In an RPG, you do just that: play a role.  But there's a school of thought that you project that role onto yourself, and yourself into that role.  Some games are designed this way: in a Fallout title, you are in first person as the Lone Wanderer or the Courier, and your character really is an empty shell filled with your own values and ideas.  And in a Mass Effect, you get to customize Shepard, both in appearance and in back story, and so to an extent occupy that persona as well.

Then there's the other sort of game, one with a pre-defined character with a narrative arc not really of your choosing.  You see it a lot in an FPS or an adventure game: Half-Life, Deus Ex, Uncharted, Heavy Rain, The Longest Journey -- all of these and many more are someone's stories, pre-told, that you help them through with occasional decisions.

That's just background.  We mainly all know this stuff.
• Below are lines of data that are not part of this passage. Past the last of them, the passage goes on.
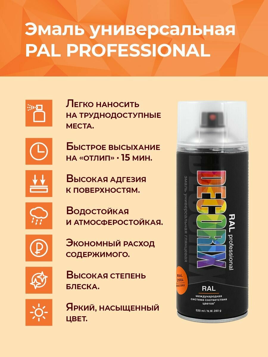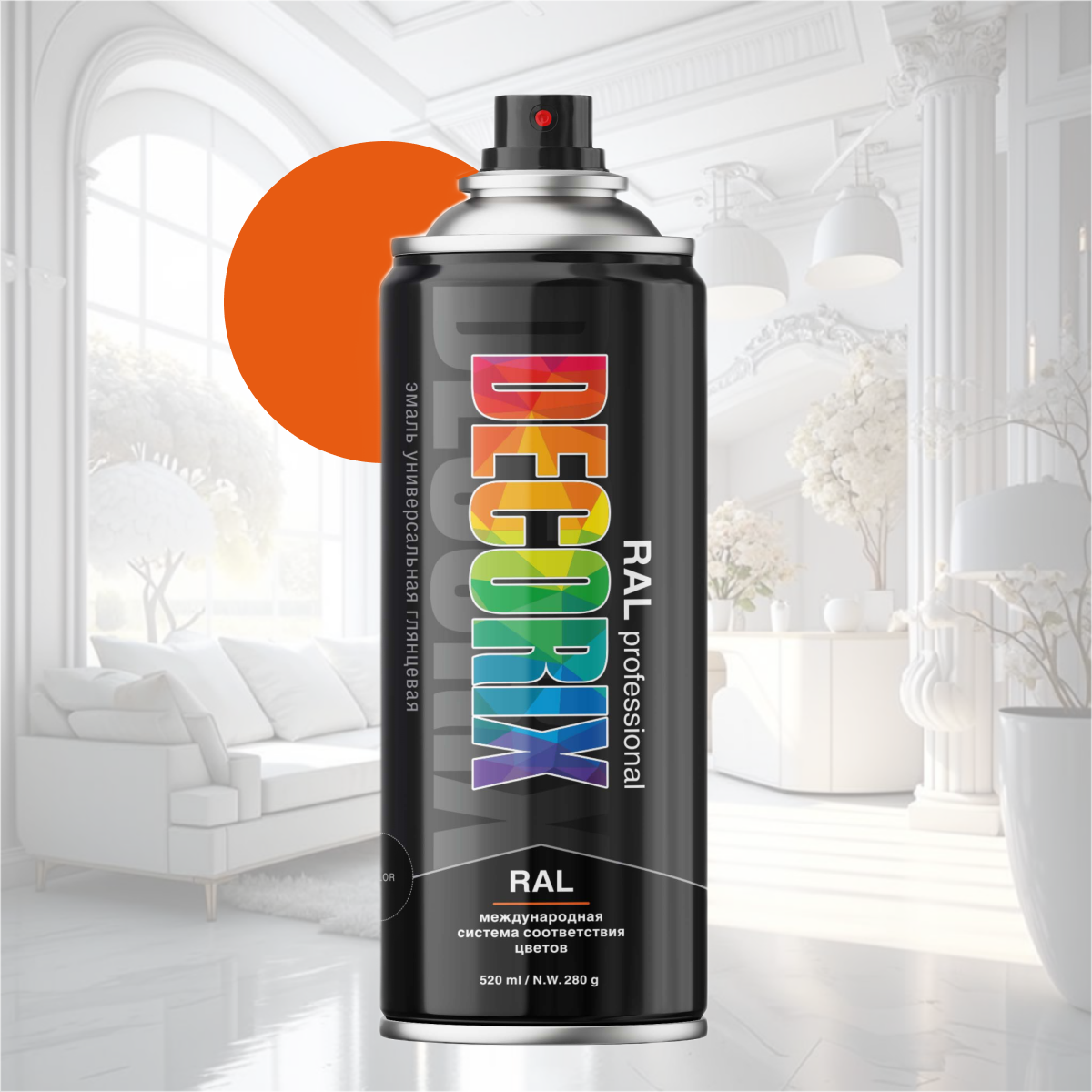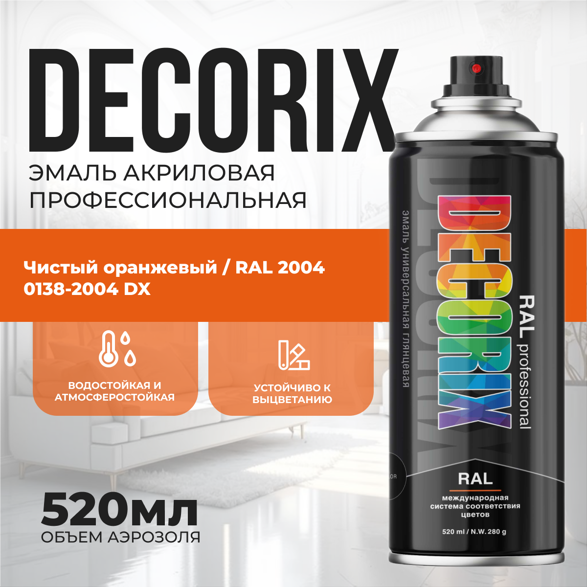 Универсальная высокопрочная эмаль RAL DECORIX 520 мл 400 грамм Цвет RAL: RAL 2004 Чистый оранжевый
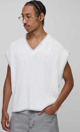 Man Embroidered Oversized V Neck Rib Knitted Jumper Vest - White - M, White
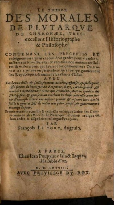 Le Tort François● Le tresor des morales de Plutarque de Chaeronaee● Paris : Jean Poupy● 1578● LE TRESOR || DES MORALES || DE PLVTARQVE || DE CHAERONAEE, TRES- || excellent Historiographe || & Philosophe : || CONTENANT LES PRECEPTES ET || enseignements qu’vn chacun doit garder pour viure hon- || nestement selon son estat & vacation : on [sic] moins necessai- || res & vtiles à ceux qui desirent bi e ordonner vne OECO- || NOMIE priuee ou particuliere, qu`à ceux qui gouuernent || les Republiques, & manient les affaires d’Estat. || AVEC || Les beaux dicts & faicts, sentences notables, responses, apophthegmes, || Et formes de harengues des Empereus, Roys, Ambassadeurs, & || vaillãs Capitaines tant Grecs que Romains : Aussi les opinions des || Philosophes & gens scauans touchant les choses naturelles, pour ser- || uir d’exemple à ceux qui desirent scauoir & ensuiure leurs haults || faicts és guerres, et de mesme leur police, conseil, & gouuerment || en temps de paix. || Premierement recueillis & extraicts en langue Latine des Com- || mentaires des Morales de Plutarque : & depuis redigez en || bon ordre & disposition en langue Françoise. || PAR || François LE TORT, Angeuin. || A PARIS, || Chez Iean Poupy, rue sainct Iaques, || à la Bible d’or. || M. D. LXXIII. || [-] || AVEC PRIVILEGE DV ROY. USTC ● USTC : 38426 , 62871 . 1 langue : Français ♢
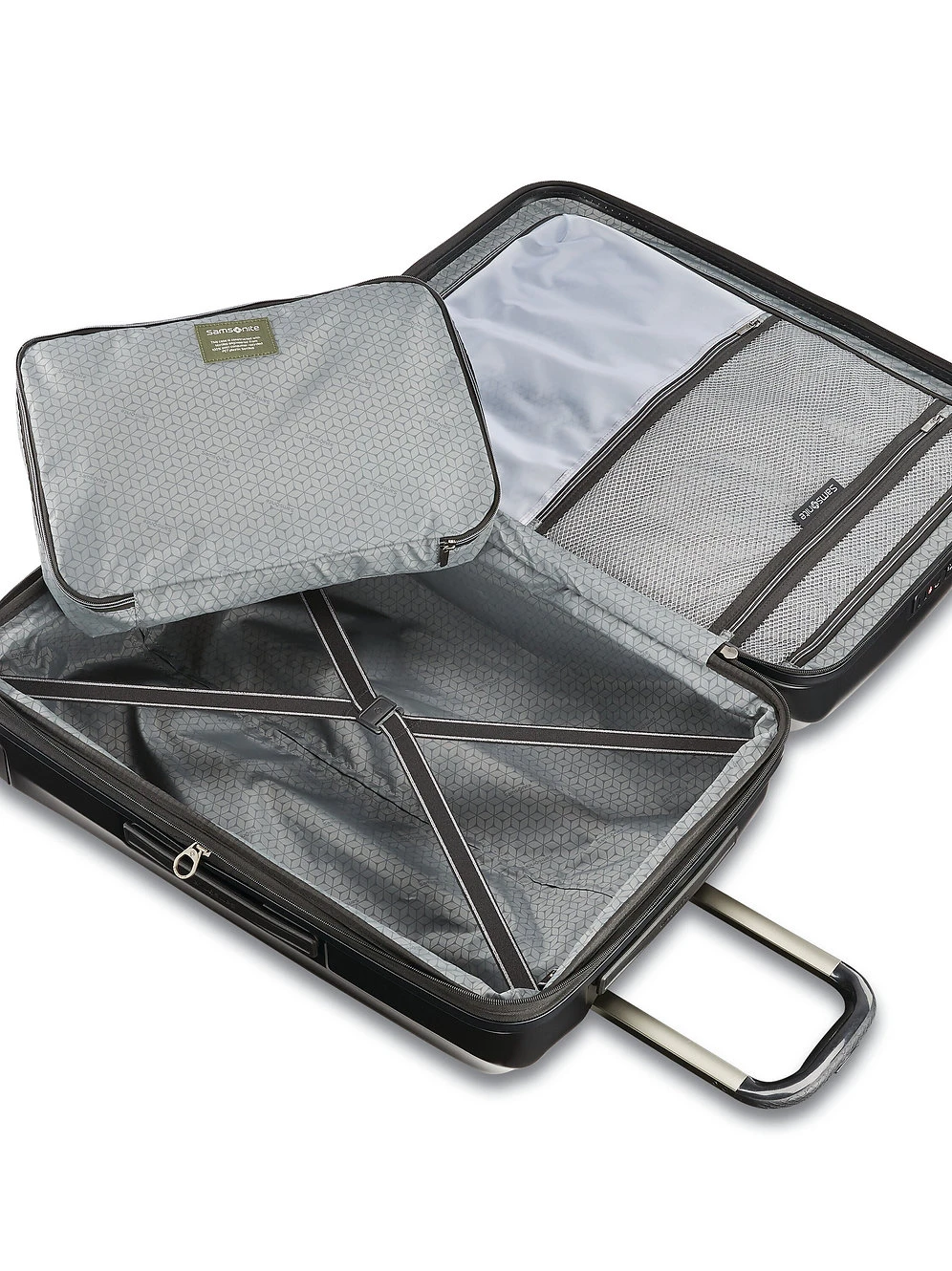 - Interior: Cubed3™ Packing System snaps in place keeping items neat, WetPak™ pocket keeps liquids contained, mesh pocket and elastic tie-down straps add organization
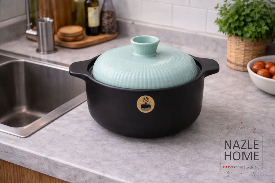 طنجرة بورسلان اسود وازرق
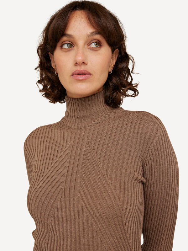 Wholegarment  Pullover mit hohen Kragen aus feinster Merinowolle. Das gerippte Material ganz ohne Nähte, führt zu seiner dreidimensionalen Silhouette, die sich der Körperform perfekt anpasst. Ideal als Basisteil.
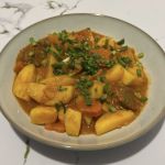 Подаём приготовленную в кастрюле тушёную картошку с говядиной со свежими овощами.
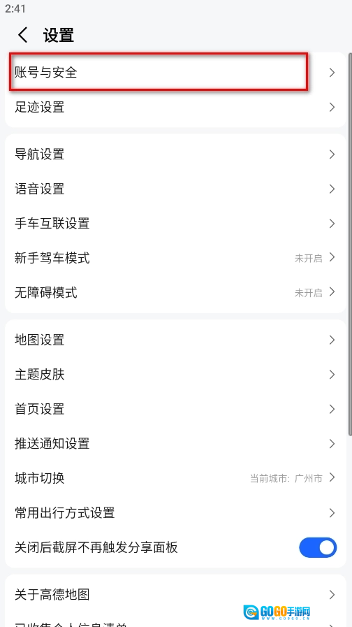 在设置界面点击账号与安全
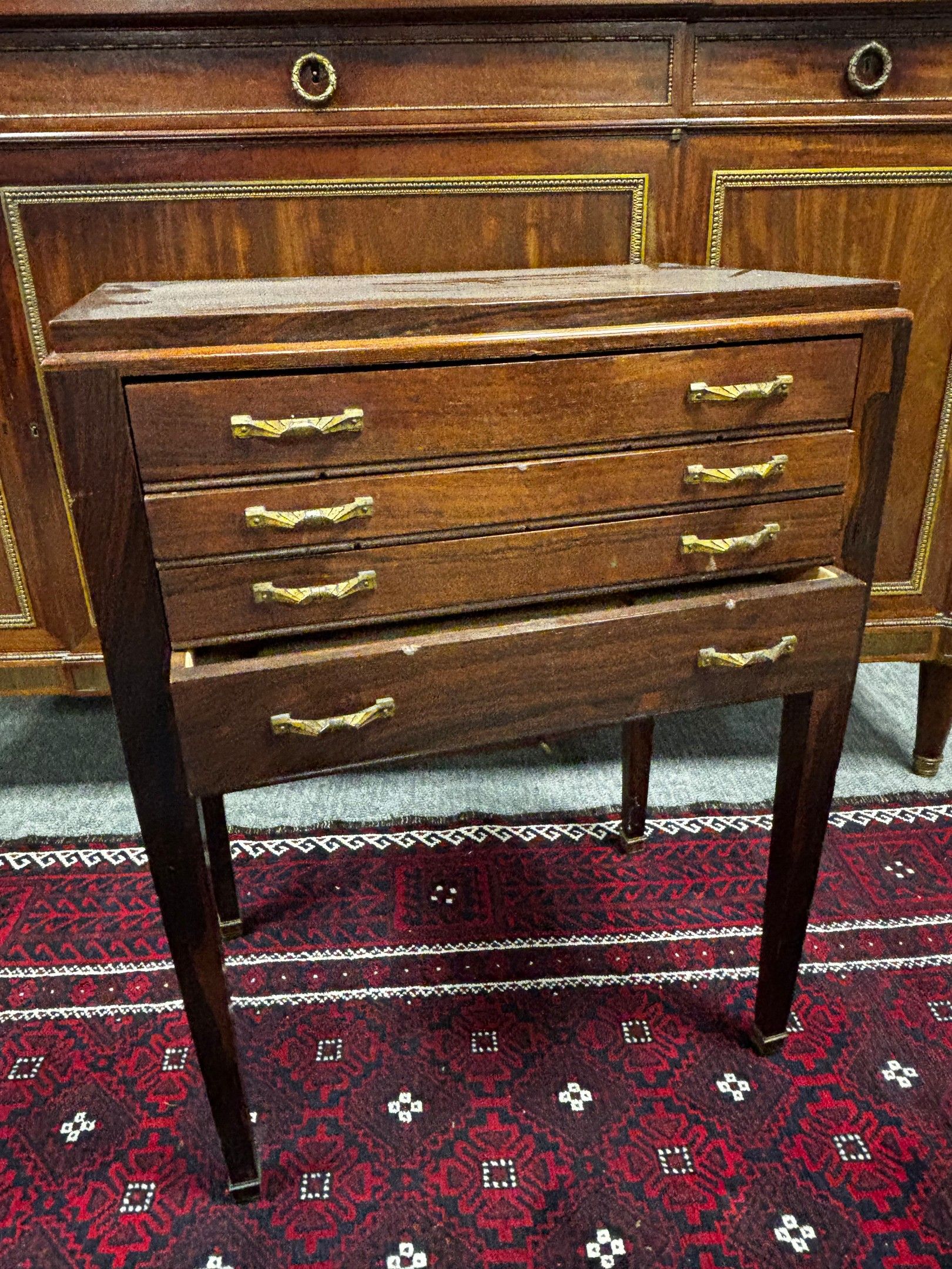A rosewood-veneered menagere cabinet opening to 4 drawers; bronze feet.

But where it's starting to bother me is where your player character, whether of your creation or not, is Destined to fill the Super Awesome Role of Mega Good.  Someone needs saving?  Your job!  A planet needs rescuing?  Your job!  Timmy fell down the well?  Your job!  Rescue the princess?  Your job!

The more epic the scope of the story, the worse this gets.  And that makes sense, to a degree: if you're going to save the kingdom, the world, or the universe itself... you're going to need to be pretty badass.  So the skills, the weapons, the powers... yours, all yours.  And you look ripped (or ripped AND busty) and everyone gives you money and you're just such a nice person that you even stop to rescue that cat from that tree.

Unless of course the game has an Evil option, in which case you're just such a horrible person that you even stop to slice down that tree with a poor innocent cat in it.

It's as if a huge category of games operate on the Superman model: you're just that awesome because you were born that way.  A smaller number operate on the Batman model: you're just that awesome because you had money and willpower and worked hard for a million years.

But I'm becoming a bigger fan of the third way: you're not all that awesome, actually, but with luck and timing and cleverness and help, you can still make a difference to the NPCs who need your help.

Really, I think these days I'm not all about saving the world.  The Longest Journey lampshaded the Heroic Awesome Savior issue with April Ryan, but I'm not sure that's satisfying anymore.  For all the flaws Heavy Rain has in concept and in execution, I find Ethan Mars a lot more workable than any epic hero of gaming I've yet met.